Nototriton brodiei
- Conservation status: Endangered (IUCN 3.1)

Scientific classification
- Kingdom: Animalia
- Phylum: Chordata
- Class: Amphibia
- Order: Urodela
- Family: Plethodontidae
- Genus: Nototriton
- Species: N. brodiei
- Binomial name: Nototriton brodiei Campbell and Smith, 1998

= Nototriton brodiei =

- Authority: Campbell and Smith, 1998
- Conservation status: EN

Species of amphibian

Nototriton brodiei is a species of salamander in the family Plethodontidae. It is endemic to the Sierra del Merendón and known from its type locality, Sierra de Caral in Izabal Department, eastern Guatemala, and from the Cusuco National Park in northwestern Honduras. The specific name brodiei honors Edmund D. Brodie Jr., an American herpetologist. Common name Cerro Pozo de Agua moss salamander has been coined for it.

==Description==
Females in the type series measure 32–34.5 mm in snout–vent length. The tail length is about 1.4 times the body length, giving a maximum total length of 84 mm. The snout is broadly rounded and the eyes are protuberant. The head is just slightly wider than the neck. The parotoid glands are weakly developed. The limbs are short and slender. Both the fingers and the toes are about half-webbed and have sub-digital pads. The dorsum is mahogany or rust-brown and bears dark brown chevrons. The underside is blackish or dark purplish brown and has cream flecks. The tail irregular black or dark brown markings on the sides and ventrally. The iris is bronze.

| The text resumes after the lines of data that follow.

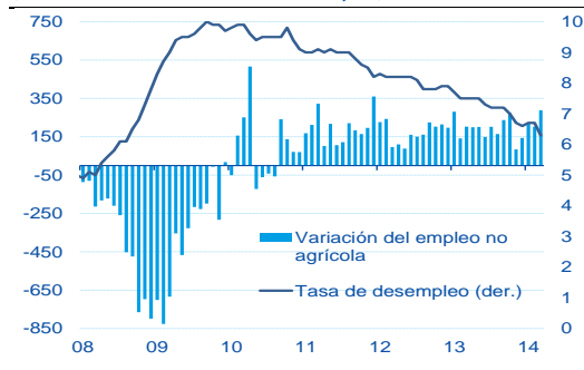
Gráfica 1 Tasa de desempleo y empleo no agrícola (variación mensual en miles, %)

Enfrentados al reto de elegir un conjunto de medidas fiables que sirva adecuadamente para subir las tasas de interés a corto plazo y controlarlas una vez se hayan subido, las opiniones de los participantes en la reunión discreparon sobre las combinaciones de herramientas de política monetaria. Con un balance de 4.25 billones de dólares, la lista de herramientas de política monetaria de las que dispone en la actualidad la Fed, además de las tasas de interés sobre las reservas en exceso, son las operaciones de recompra inversa con tasa de interés fija a un día (ON RRP), acuerdos de recompra inversa y la línea de crédito para depósitos a plazo (TDF). El control sobre las tasas de interés a corto plazo, el balance de la Fed, las remesas al Tesoro, el funcionamiento del mercado de los fondos federales y la estabilidad financiera son la primera línea de opciones que tiene el FOMC para decidir la combinación apropiada de "nuevas" herramientas para el futuro.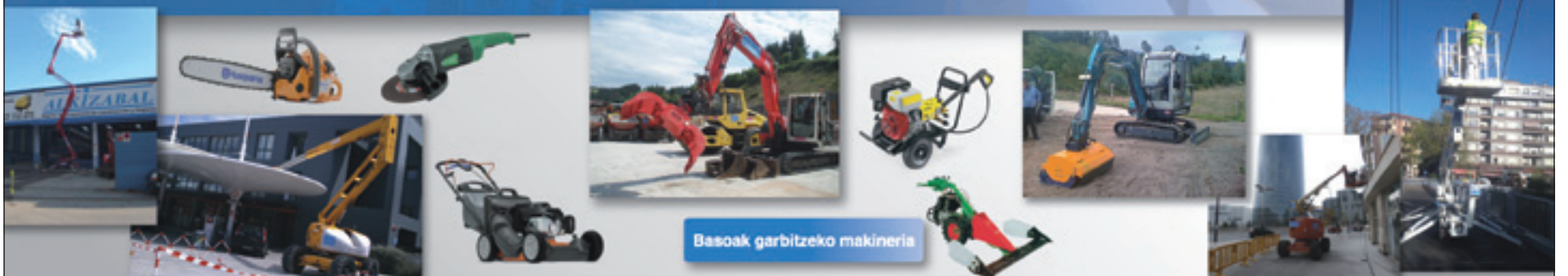
Basoak garbitzeko makineria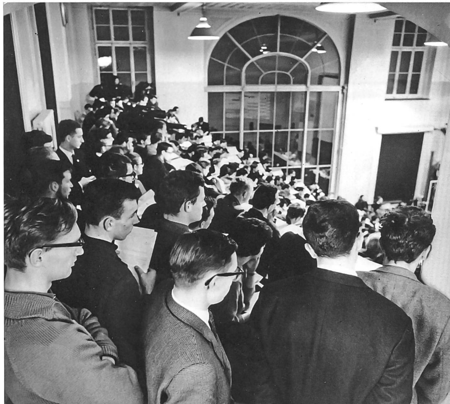
Abb. 1: Raumnot: Universitäten befinden sich in klassischen Bauten und gehören in die Stadt. Die markante Zunahme der Zahl der Studierenden vor und vor allem nach dem Zweiten Weltkrieg stellten diese Maximen auf die Probe. Studierende an der Universität Zürich, um 1960.

über 8000 Studierende. In den 1960er Jahren wurde an der Universität Zürich fast eine Verdreifachung der Zahl der Studierenden realisiert. 7

==Habitat and conservation==
Nototriton brodiei occurs in subtropical old-growth wet forests at elevations of 760–1590 m above sea level. Active individuals have been found at night in low vegetation and on a rock bank near a waterfall. During the daytime, a specimen was spotted under a pile of dead palm leaves.

Nototriton brodiei is known from less than ten specimens and appears to be rare, although it might also be difficult to detect. Its habitat is threatened by extensive logging and agricultural encroachment. Illegal logging also occurs in the Cusuco National Park. Use of agrochemicals is also a threat.